Further Action for Biodiversity
In 2020, the people of YUS took another giant step forward to prioritize diversity and prevent climate change. Working with the Tree Kangaroo Conservation Program and the government of Papua New Guinea, they deemed the areas where they live and work as a living landscape deserving recognition, respect and safeguarding. They acted on this by expanding the 187,000-acre YUS Conservation Area to include the entirety of their region’s 402,000 acres. This significantly strengthened YUS community efforts to sustainably manage their land for the benefit of humans, wildlife and forests, and emphasized the interdependency of all life. In protecting the biodiversity of their homeland, the residents of YUS are also preserving their cultural heritage and fighting global climate change. “Our coffee gardens serve as a place where animals and birds can feed and make their homes. My coffee garden houses all kinds of bird species, including the bowerbird, which likes the shade and came to build its nest here.”

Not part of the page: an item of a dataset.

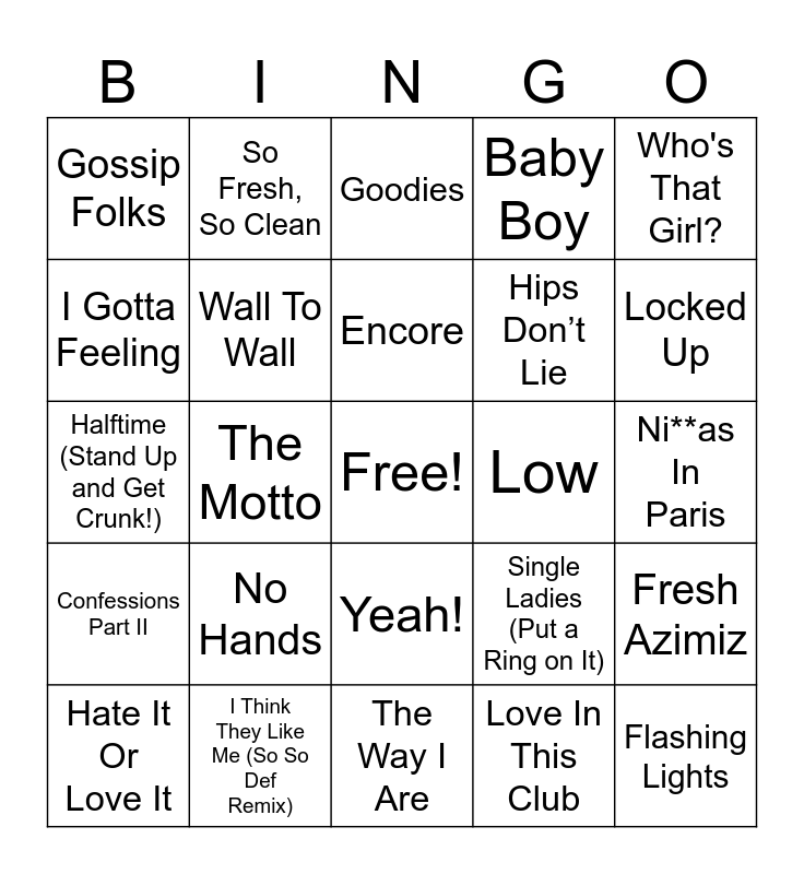 This bingo card has a free space and 40 words: Get Back, Halftime (Stand Up and Get Crunk!), Get Like Me, Wall To Wall, I Think They Like Me (So So Def Remix), Yeah!, Encore, Dirt Off Your Shoulder, Who's That Girl?, Confessions Part II, The Motto, Baby Boy, Flashing Lights, Ni**as In Paris, Low, No Hands, Lose Control, Gossip Folks, You Don’t Know, Goodies, Fresh Azimiz, Love In This Club, Hips Don’t Lie, I Gotta Feeling, SexyBack, My Name Is, The Way You Move, Love Don’t Cost a Thing, Always On Time, Promiscuous, Beautiful, Hate It Or Love It, Oh Boy, Single Ladies (Put a Ring on It), Locked Up, The Way I Are, Just A Lil Bit, Lose Yourself, So Fresh, So Clean and Southern Hospitality.
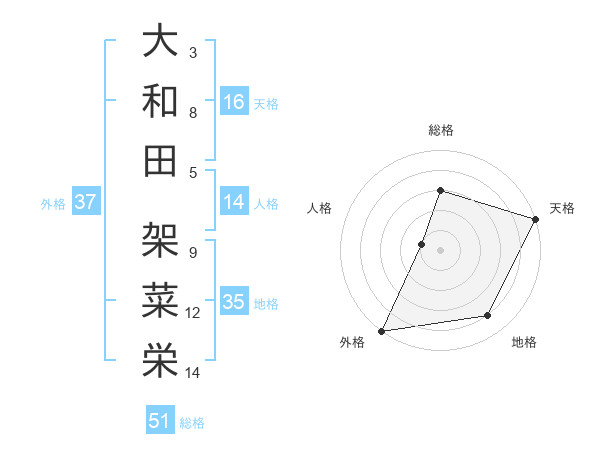 大和田 架菜栄さんを姓名の画数から五運を鑑定

Herson Hame, YUS coffee farmer



Conservation for Our Children’s Future
By Stanley Gesang, Lead Tracker, Tree Kangaroo Conservation Program I used to hunt and kill tree kangaroos for protein. When I joined the Tree Kangaroo Conservation Program as a tracker, I saw the tree kangaroos as my friends, and I stopped killing and eating them. We learn from the research work carried out here and I take pride in it. Tree kangaroos were nearly extinct when my clan pledged to protect a large portion of our forest for conservation in 2004. Wildlife is more abundant and diverse in our forest now, and this clearly shows the benefits of conservation. In the past, we had to travel for days to hunt, but today we have wildlife we can hunt for protein near our food gardens. I like my job as a tracker for scientists because I have a source of income to help care for my family and provide for my kids to get educated and improve my family’s way of living. The wages help us to look after our family where life is tough. If we were never introduced to conservation, our tree kangaroo population would have died out a long time ago. I am happy that we have accepted conservation so our kids and their kids for generations will still see a tree kangaroo.